Bild folgtKI-generierte IllustrationSolidago canadensis x virgaurea
Wer die Goldrute (Solidago canadensis x virgaurea) einmal gesehen hat, vergisst sie nicht: Mit ihren leuchtend gelben Blütenpyramiden, die sich aus unzähligen winzigen Einzelblüten zusammensetzen, bringt sie spätsommerliches Licht in dein Beet. Diese Hybride (Kreuzung) ist für den Naturgarten besonders wertvoll, da sie eine Brücke zwischen dem Hochsommer und dem Herbst schlägt. In einer Zeit, in der das Nahrungsangebot für Bestäuber oft schon knapp wird, bietet sie eine verlässliche Anlaufstelle. Du kannst mit dieser robusten Staude gezielt Akzente setzen und gleichzeitig die Vielfalt in deinem Garten fördern. Schau doch mal genau hin, wer sich an sonnigen Tagen an den gelben Blüten versammelt.
Goldener Herbstzauber: Die robuste Brücke für Bestäuber bis in den Spätsommer.

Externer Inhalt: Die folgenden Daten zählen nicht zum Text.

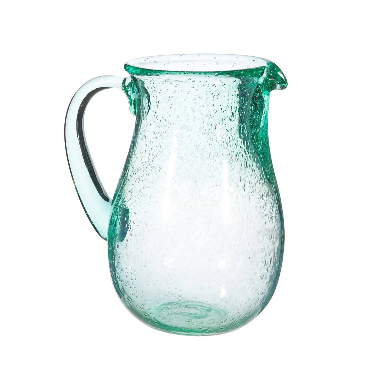 Embrace a more conscious lifestyle with this pretty jug made from recycled glass. Following a minimalistic design with a bubble effect, the organic finish makes it a versatile piece for the home. Fill with your favourite beverage for dinner parties or simply use to display a bunch of flowers.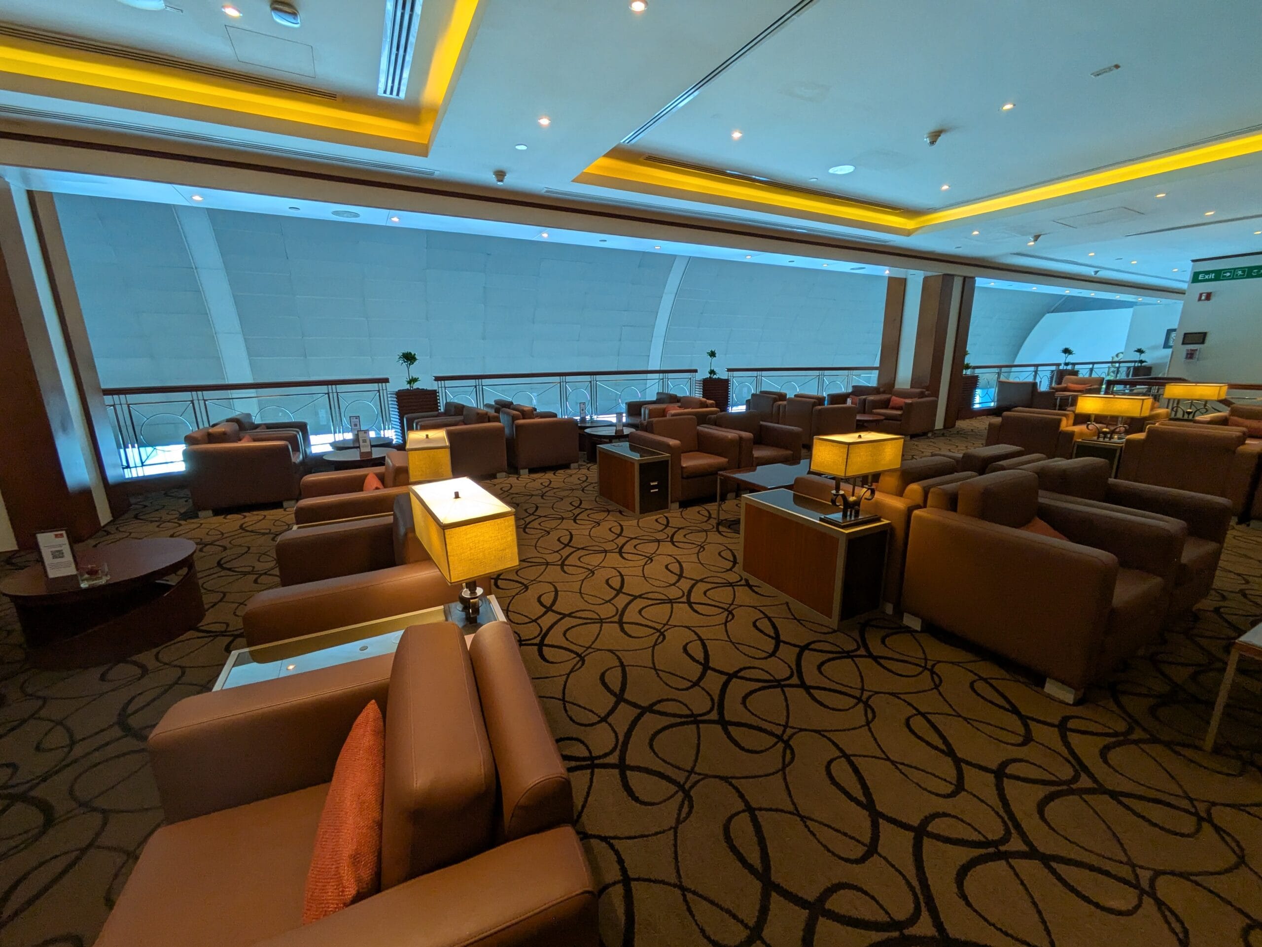 In het midden van de lounge is een trap naar de bovenverdieping van de lounge. Dit gedeelte bestaat hoofdzakelijk uit relaxstoelen. Je hebt hier een stuk minder licht, wat prettig kan zijn als je een flinke jetlag hebt. Achterin kun je nog wat eten vinden en uiteraard een assortiment aan drinken.

Als spät blühende Staude übernimmt diese Goldrute eine wichtige ökologische Funktion im Gartenjahr. Sie bietet Nektar und Pollen zu einem Zeitpunkt an, an dem viele andere heimische Wildpflanzen bereits verblüht sind. Damit dient sie verschiedenen Bestäuberfaltern und anderen Insekten als lebensnotwendige Tankstelle vor der Winterruhe. Die stehengelassenen Samenstände und vertrockneten Stängel bieten zudem eine wichtige Überwinterungsstruktur. Da keine spezifischen Beziehungsdaten zu einzelnen Insektenarten vorliegen, ist ihre allgemeine Rolle als Spätblüher für Generalisten (nicht spezialisierte Insekten) besonders hervorzuheben.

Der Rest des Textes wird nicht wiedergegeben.